The next step is simply to use number >> 1 instead of number / 2 and number & 0x1 instead of number % 2 to improve performance. Mind you, with modern optimising compilers there's probably no difference...
Use an AND with increasing powers of two...
In C, at least, you can do something like:
while (val != 0)
{
printf("%d", val&0x1);
val = val>>1;
}
To expand on #Marco's answer with an example:
uint value = 0x82fa9281;
for (int i = 0; i < 32; i++)
{
bool set = (value & 0x1) != 0;
value >>= 1;
Console.WriteLine("Bit set: {0}", set);
}
What this does is test the last bit, and then shift everything one bit.
If you're already starting with a string, you could just iterate through each of the characters in the string:
var values = "1011011".Reverse().ToCharArray();
for(var index = 0; index < values.Length; index++) {
var isSet = (Boolean)Int32.Parse(values[index]); // Boolean.Parse only works on "true"/"false", not 0/1
// do whatever
}
byte input = Convert.ToByte("1011011", 2);
BitArray arr = new BitArray(new[] { input });
foreach (bool value in arr)
{
// ...
}
You can simply loop through every bit.

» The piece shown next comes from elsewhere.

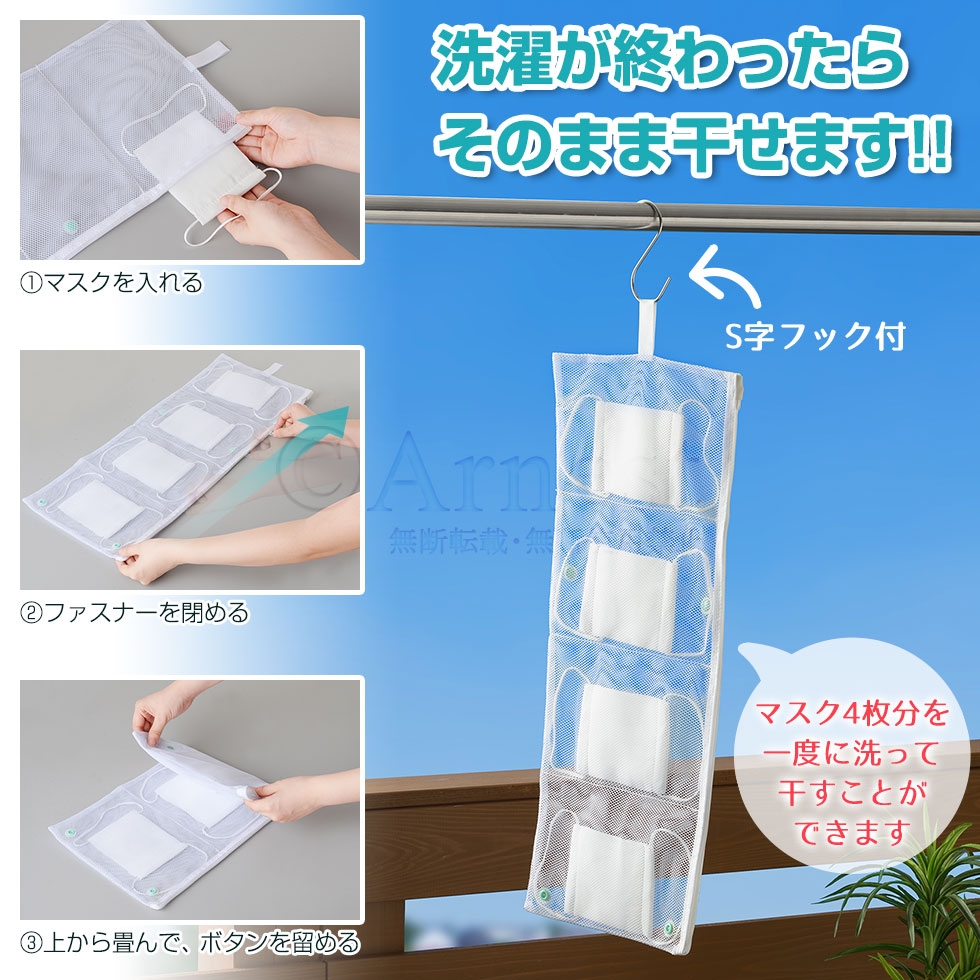 商品名 :まとめて干せるマスク用洗濯ネット S字フック付

The following C like pseudocode allows you to set the bit number you want to check. (You might also want to google endianness)
for()
{
bitnumber = <your bit>
printf("%d",(val & 1<<bitnumber)?1:0);
}
The code basically writes 1 if the bit it set or 0 if not. We shift the value 1 (which in binary is 1 ;) ) the number of bits set in bitnumber and then we AND it with the value in val to see if it matches up. Simple as that!
So if bitnumber is 3 we simply do this
00000100 ( The value 1 is shifted 3 left for example)
AND
10110110 (We check it with whatever you're value is)
=
00000100 = True! - Both values have bit 3 set!